━━━ Material to process ━━━
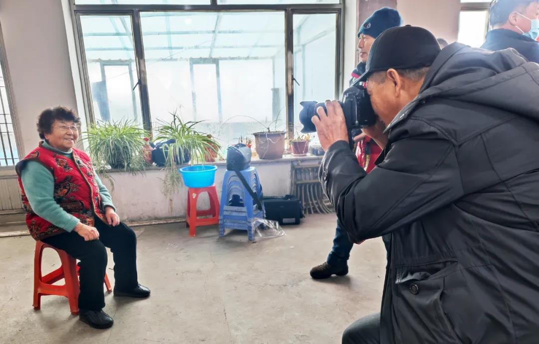 1月15日,文化志愿服务摄影家小分队在漂河镇四道沟村为村民拍摄全家福打印照片
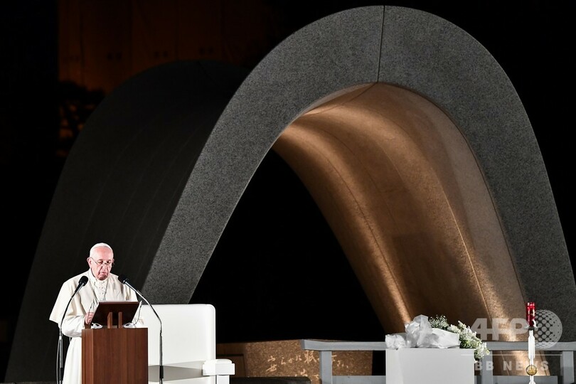 教皇は核兵器のない世界を呼び掛けることを旅の中心テーマに据え、4日間の訪日日程を二つの被爆地への訪問から開始。「平和の巡礼者としてここに来ることが務め」だと思うと語り、原爆投下から生き延び、その後心身の苦しみを耐えてきた被爆者たちの「強さと尊厳」に敬意を表した。(c)AFP/Catherine MARCIANO
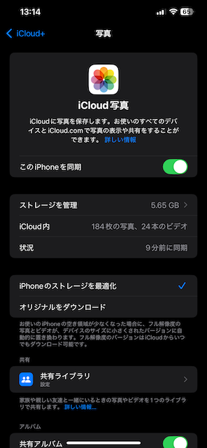 iCloudストレージが5.65GBになっていますが、50GBを契約されているのでしょうか。それなら、時間がたてば本体にもダウンロードしてくると思いますが、もしアップグレードしていない5GBのままなら、写真を追加も何もできないと思います。
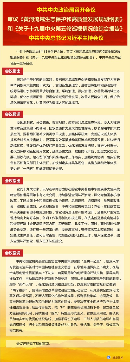 新華社北京8月31日電 中共中央政治局8月31日召開會議,審議《黃河流域生態(tài)保護(hù)和高質(zhì)量發(fā)展規(guī)劃綱要》和《關(guān)于十九屆中央第五輪巡視情況的綜合報(bào)告》。中共中央總書記習(xí)近平主持會議。
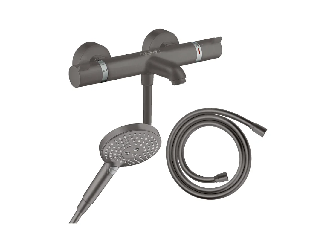Pack mitigeur bain douche thermostatique HANSGROHE Ecostat Comfort + Flexible Isiflex + Pommeau Raindance Select 3jets noir
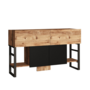 Découvrez la console Tari au style industriel, une pièce polyvalente pour votre intérieur. Avec sa couleur principale bois naturel et des accents noirs, cette console apporte une touche d'authenticité à votre décoration. Fabriquée avec une structure 100% métal et des étagères en panneaux de particules revêtus de mélamine, elle offre à la fois solidité et durabilité. Dotée d'étagères, de deux placards et d'une partie supérieure ouverte, cette console offre un espace de rangement généreux pour organiser vos affaires avec style. Ajoutez une touche industrielle et fonctionnelle à votre foyer avec la console Tari.
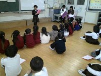お天気に恵まれ,1年生は花の種まきをしていました。自分で選んだ花の種を観察した後,花壇に丁寧に植えました。水やりもがんばってね。
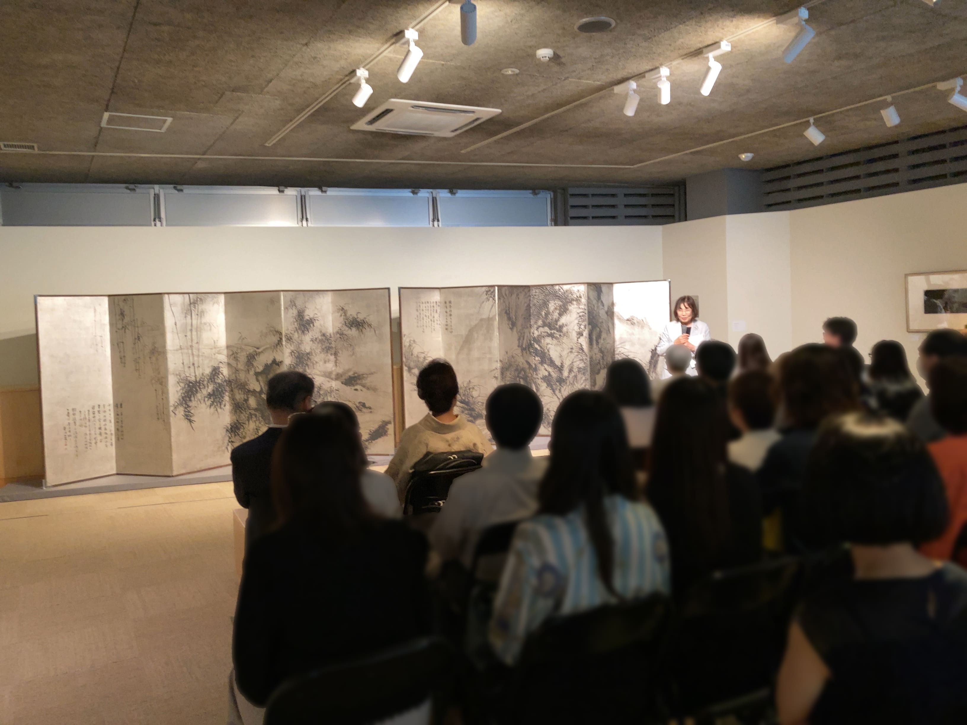 6月29日のギャラリートークの様子を一部、紹介します。波多野華涯の屏風や当時の文化状況をめぐり、話が尽きませんでした。お話の内容は、短い文字数に合わせて当館で編集していることをご了承ください。
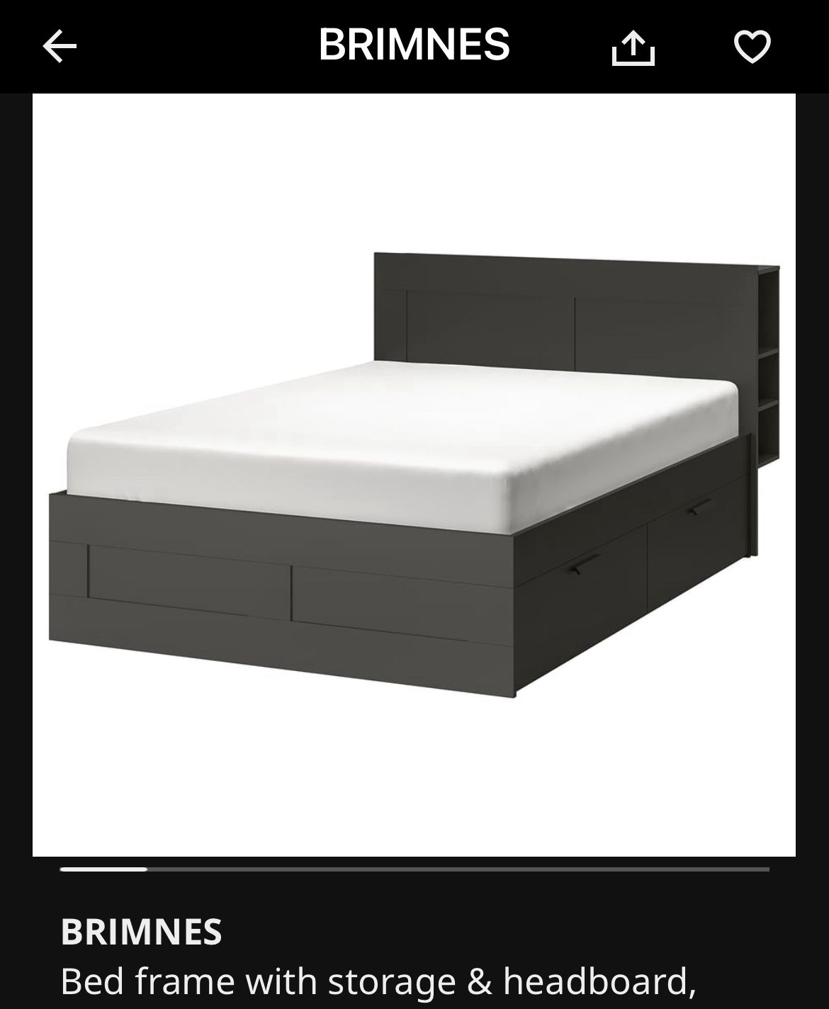 IKEA Brimnes storage bed w/ headboard, slats and mattress, gray, king size
━━━
• _Exercise brief_: Pictures stay out. Copy exactly, and only, the lines from the one containing "お天気に恵まれ,1年生は花の" through the end of the data.

• _Written solution_:
お天気に恵まれ,1年生は花の種まきをしていました。自分で選んだ花の種を観察した後,花壇に丁寧に植えました。水やりもがんばってね。
 6月29日のギャラリートークの様子を一部、紹介します。波多野華涯の屏風や当時の文化状況をめぐり、話が尽きませんでした。お話の内容は、短い文字数に合わせて当館で編集していることをご了承ください。
 IKEA Brimnes storage bed w/ headboard, slats and mattress, gray, king size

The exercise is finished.